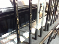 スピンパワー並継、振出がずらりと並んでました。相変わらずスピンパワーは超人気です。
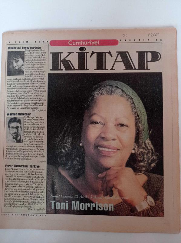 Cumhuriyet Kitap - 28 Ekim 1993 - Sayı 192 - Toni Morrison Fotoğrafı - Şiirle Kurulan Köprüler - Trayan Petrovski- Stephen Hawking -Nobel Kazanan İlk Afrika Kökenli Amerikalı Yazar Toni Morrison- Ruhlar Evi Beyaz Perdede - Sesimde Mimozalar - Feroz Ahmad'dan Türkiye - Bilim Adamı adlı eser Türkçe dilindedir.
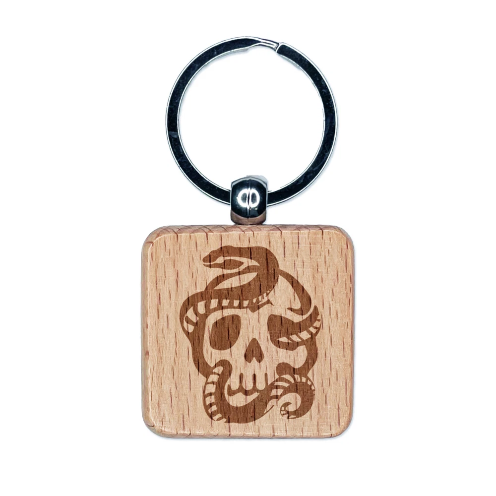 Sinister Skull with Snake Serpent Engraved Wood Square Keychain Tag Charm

What the task asks
The material must be restated verbatim. Its pictures must be omitted.

Reply to the task
 スピンパワー並継、振出がずらりと並んでました。相変わらずスピンパワーは超人気です。
 Cumhuriyet Kitap - 28 Ekim 1993 - Sayı 192 - Toni Morrison Fotoğrafı - Şiirle Kurulan Köprüler - Trayan Petrovski- Stephen Hawking -Nobel Kazanan İlk Afrika Kökenli Amerikalı Yazar Toni Morrison- Ruhlar Evi Beyaz Perdede - Sesimde Mimozalar - Feroz Ahmad'dan Türkiye - Bilim Adamı adlı eser Türkçe dilindedir.
 Sinister Skull with Snake Serpent Engraved Wood Square Keychain Tag Charm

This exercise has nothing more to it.